TASK TO COMPLETE:
The answer must consist solely of the lines below starting at the one containing "Eovi LED-loftlampe med" and ending at the one containing "About This 2", repeated exactly, with both ends included and all pictures omitted.

GIVEN DATA:
= Beginning of Section =

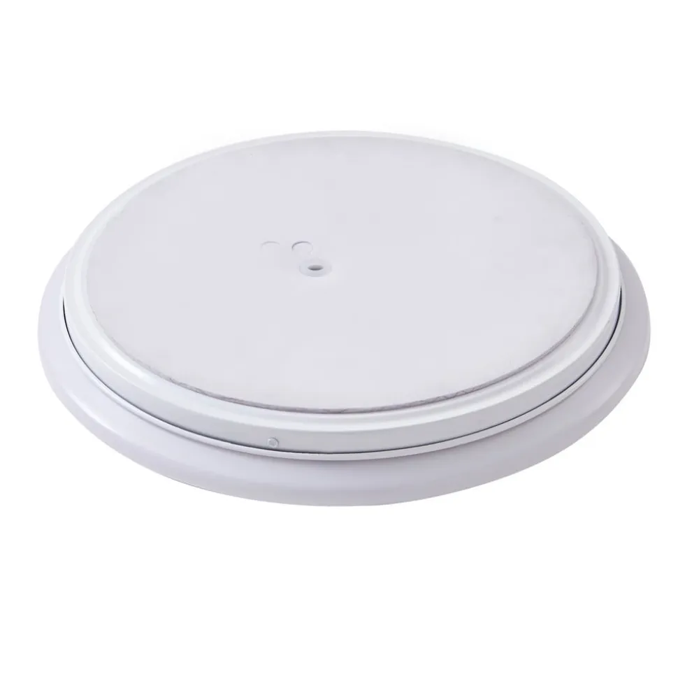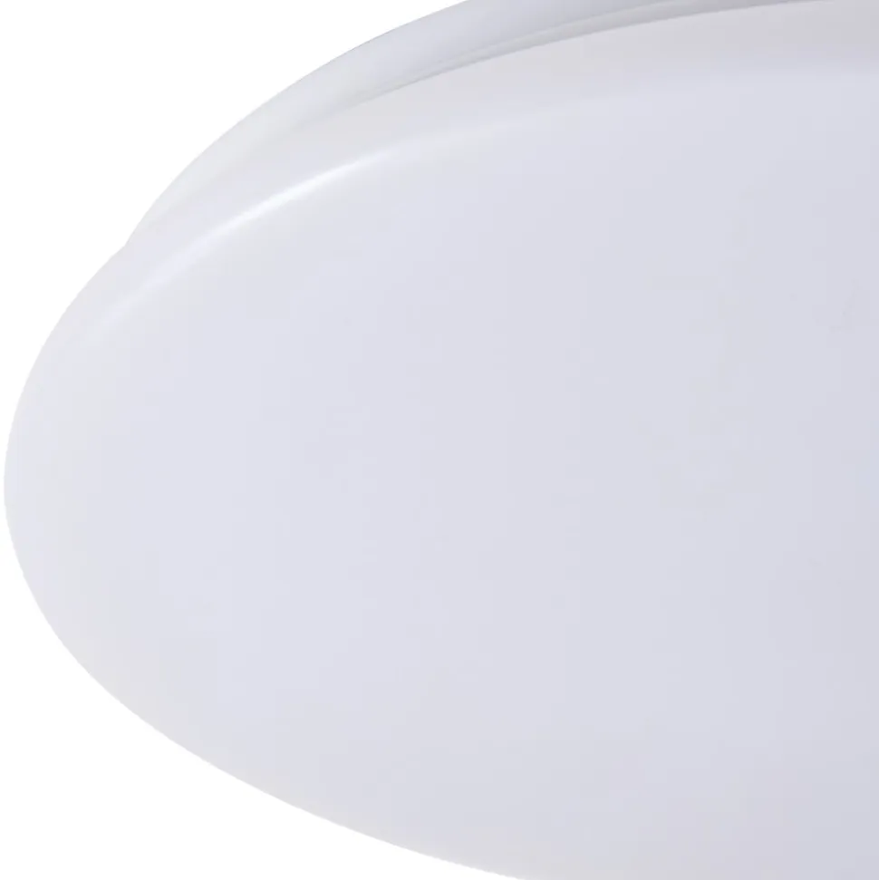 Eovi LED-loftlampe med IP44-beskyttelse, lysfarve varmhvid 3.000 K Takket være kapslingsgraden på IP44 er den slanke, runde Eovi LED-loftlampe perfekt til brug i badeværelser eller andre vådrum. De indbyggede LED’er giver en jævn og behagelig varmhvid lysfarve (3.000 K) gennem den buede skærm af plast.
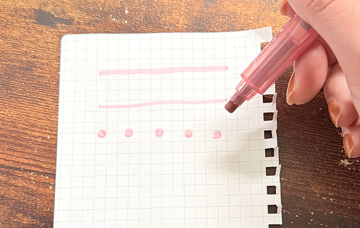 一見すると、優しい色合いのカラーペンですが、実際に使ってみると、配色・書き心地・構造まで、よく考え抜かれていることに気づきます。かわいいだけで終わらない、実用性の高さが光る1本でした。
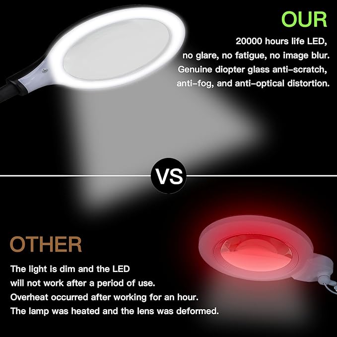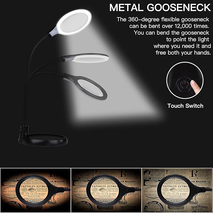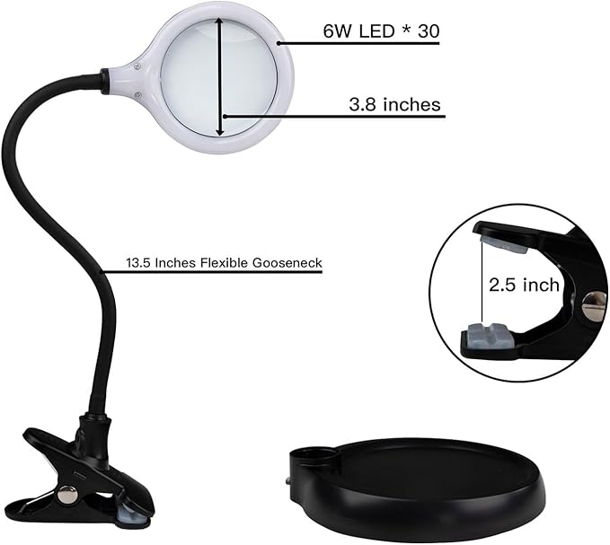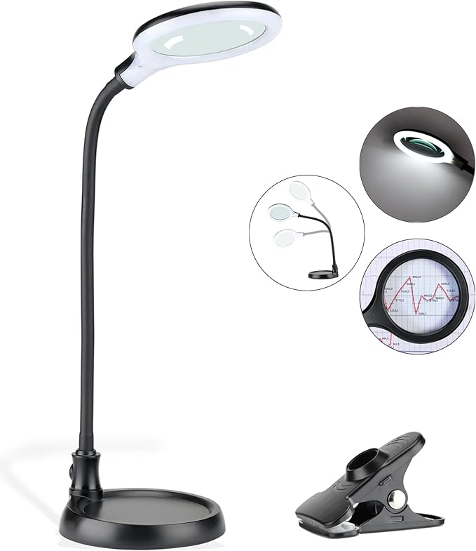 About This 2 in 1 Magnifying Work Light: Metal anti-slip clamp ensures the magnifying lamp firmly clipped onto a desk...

= End of Section =
= Beginning of Section =

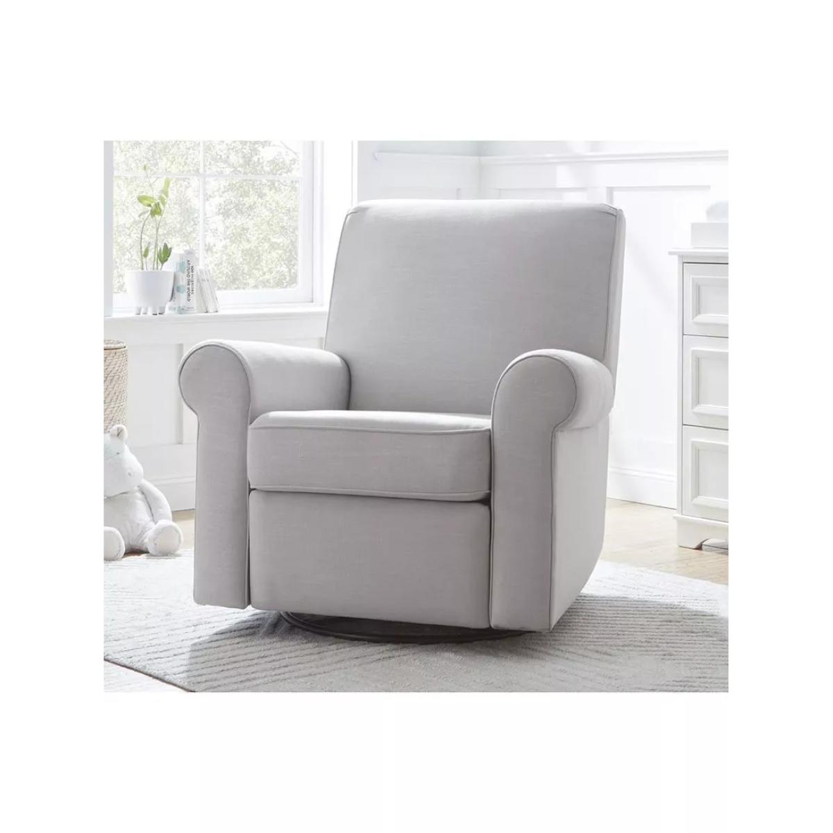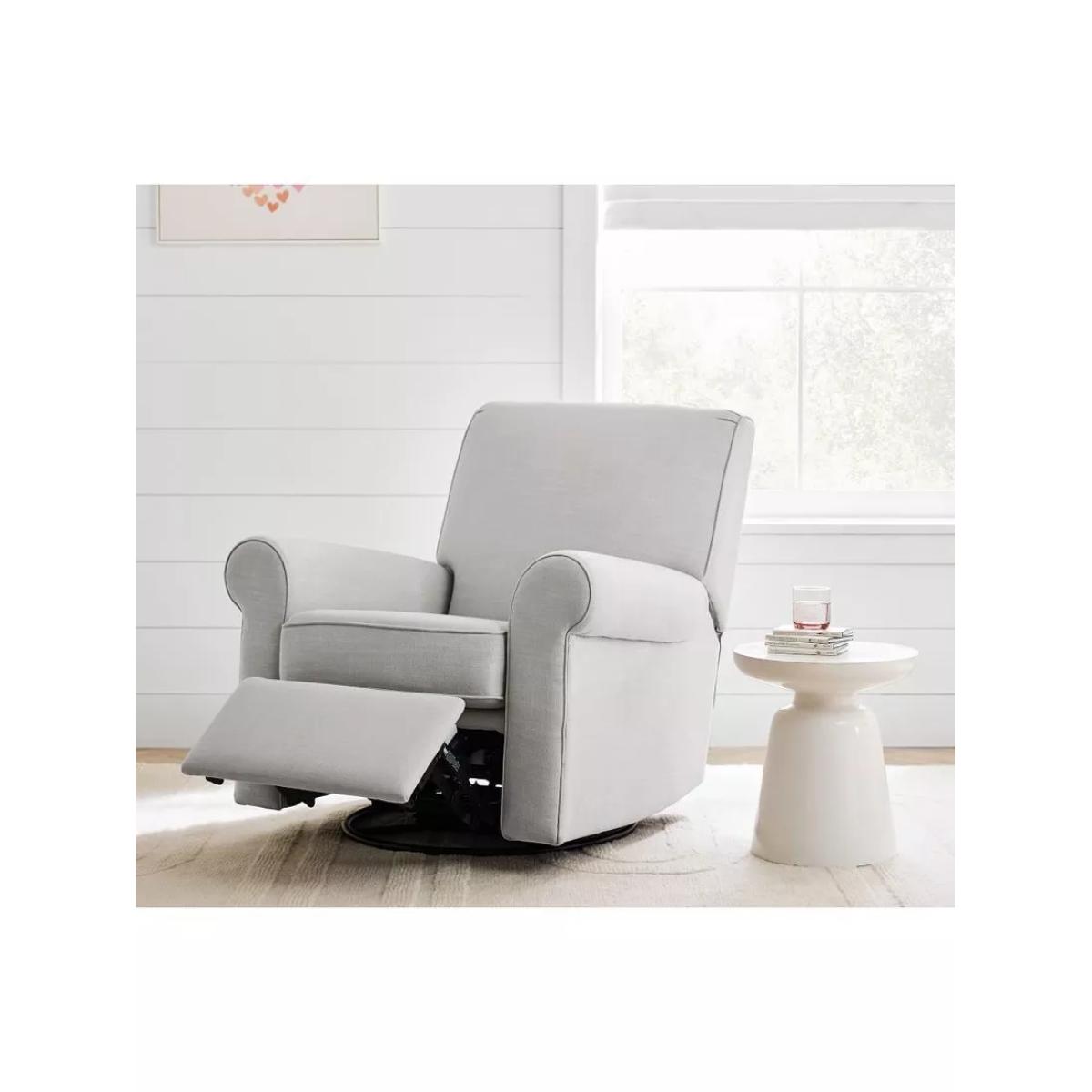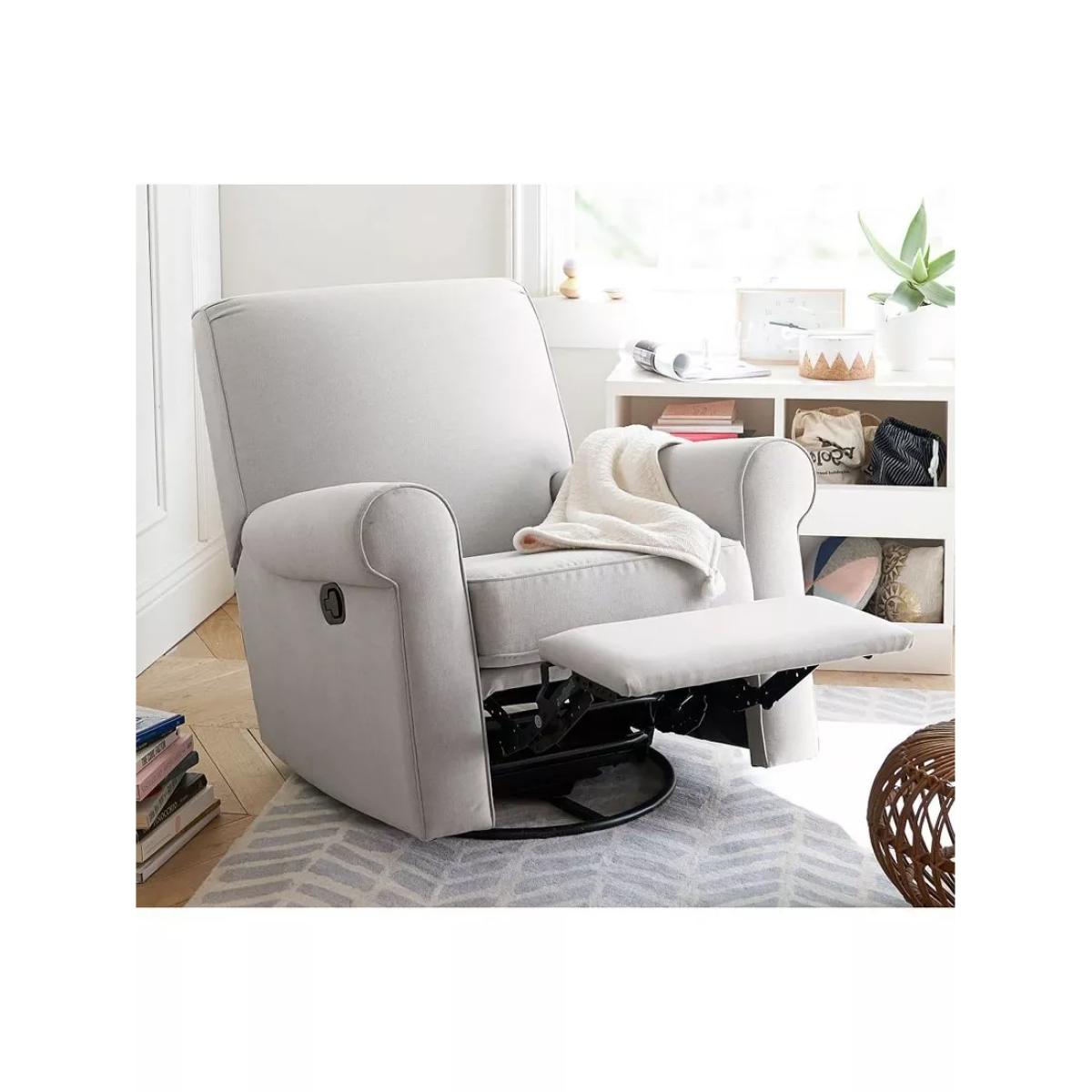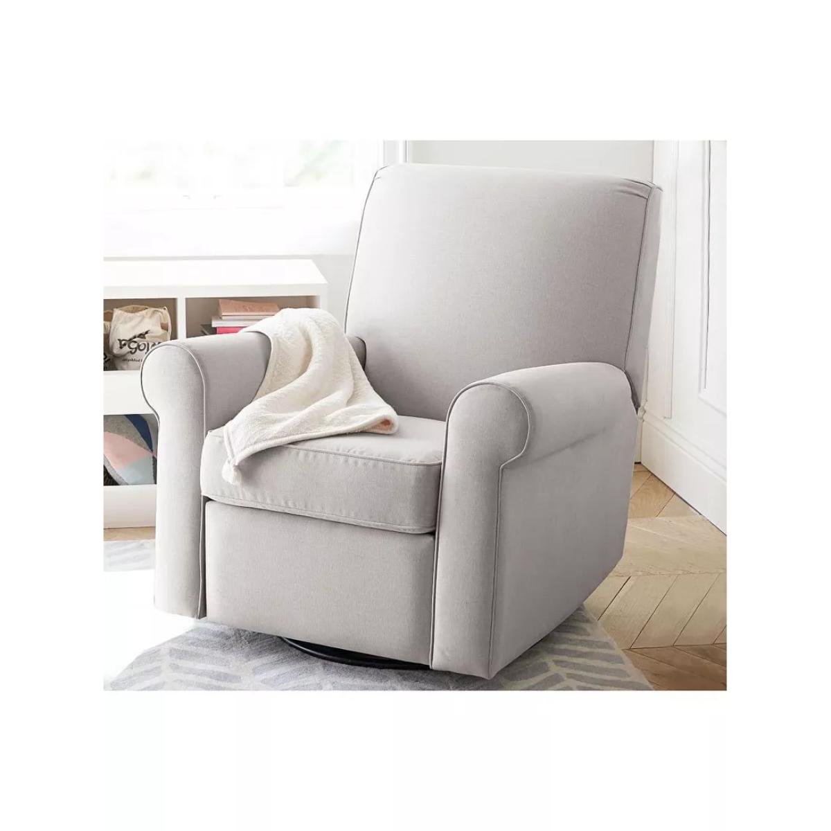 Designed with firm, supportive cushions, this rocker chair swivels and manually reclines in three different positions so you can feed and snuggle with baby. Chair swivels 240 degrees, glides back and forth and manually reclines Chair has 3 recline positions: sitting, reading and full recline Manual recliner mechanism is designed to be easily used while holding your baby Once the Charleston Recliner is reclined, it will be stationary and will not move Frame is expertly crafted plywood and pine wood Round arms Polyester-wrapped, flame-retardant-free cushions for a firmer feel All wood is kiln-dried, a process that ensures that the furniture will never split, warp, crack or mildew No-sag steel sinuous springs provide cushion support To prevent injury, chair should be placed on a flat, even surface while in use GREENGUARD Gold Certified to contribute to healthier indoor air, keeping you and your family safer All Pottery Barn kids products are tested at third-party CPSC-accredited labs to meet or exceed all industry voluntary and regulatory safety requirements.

= End of Section =

FINAL ANSWER:
 Eovi LED-loftlampe med IP44-beskyttelse, lysfarve varmhvid 3.000 K Takket være kapslingsgraden på IP44 er den slanke, runde Eovi LED-loftlampe perfekt til brug i badeværelser eller andre vådrum. De indbyggede LED’er giver en jævn og behagelig varmhvid lysfarve (3.000 K) gennem den buede skærm af plast.
 一見すると、優しい色合いのカラーペンですが、実際に使ってみると、配色・書き心地・構造まで、よく考え抜かれていることに気づきます。かわいいだけで終わらない、実用性の高さが光る1本でした。
 About This 2 in 1 Magnifying Work Light: Metal anti-slip clamp ensures the magnifying lamp firmly clipped onto a desk...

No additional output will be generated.